By default, a container whose process exits stays exited. Set `restart` to have Docker automatically restart the process if it crashes — useful for long-running servers that should stay up across transient failures.

```yaml theme={"dark"}
containers:
  - name: "inference"
    image: "vllm/vllm-openai:v0.14.1@sha256:..."
    restart: always
```

| Value            | Behavior                                                                  |
| ---------------- | ------------------------------------------------------------------------- |
| `no`             | Don't restart.
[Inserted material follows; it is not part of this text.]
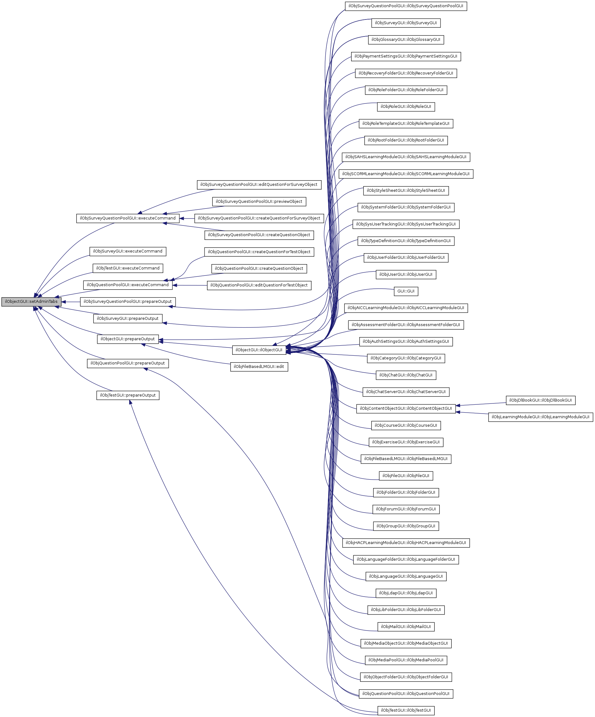 Reimplemented in ilObjQuestionPoolGUI, ilObjChatServerGUI, ilObjCategoryGUI, ilObjExerciseGUI, ilObjFileGUI, ilObjForumGUI, ilObjGroupGUI, ilObjRoleGUI, ilObjRoleTemplateGUI, ilObjStyleSheetGUI, ilObjUserGUI, ilObjCourseGUI, ilObjSurveyGUI, and ilObjSurveyQuestionPoolGUI.
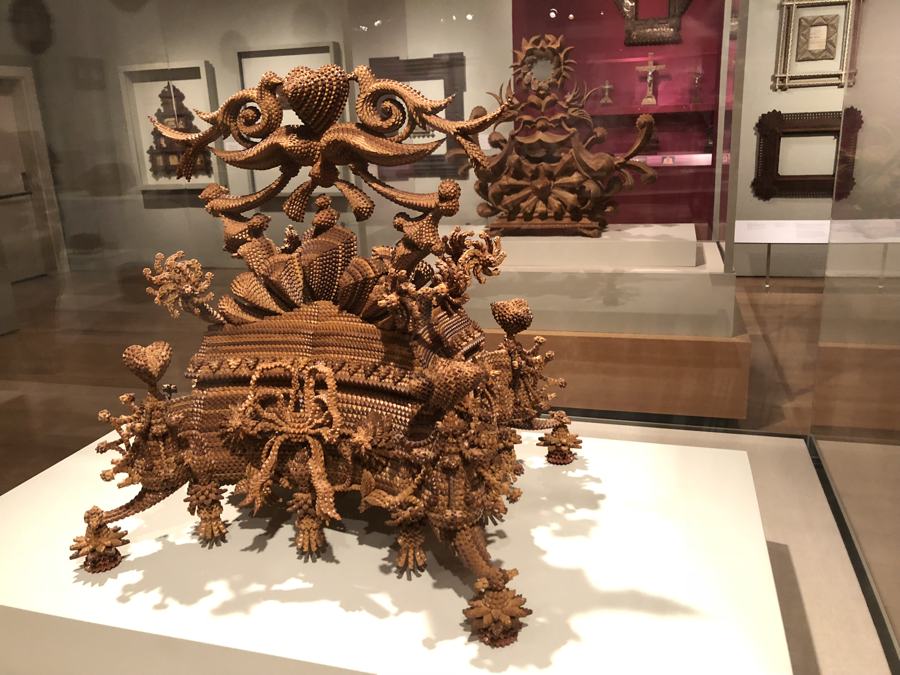 This display presented more than 150 examples of tramp art, concentrating on works the from the United States, with additional examples from France, Germany, Switzerland, Scandinavia, Canada, Mexico, and Brazil to demonstrate the far reach this art form has had.

This is the default when `restart` is omitted.             |
| `always`         | Restart the container regardless of exit status.                          |
| `on-failure`     | Restart only if the process exits with a non-zero status.                 |
| `unless-stopped` | Like `always`, but don't restart if the container was stopped explicitly. |

**Interaction with healthchecks.** The restart policy fires when the container **process exits** — it has no effect when Docker marks the container `Unhealthy` (the process keeps running; only its health state changes). During boot, the enclave fails the deployment on `Unhealthy` regardless of `restart`. Once the container has been declared `Healthy`, `restart` governs what happens if the process later dies.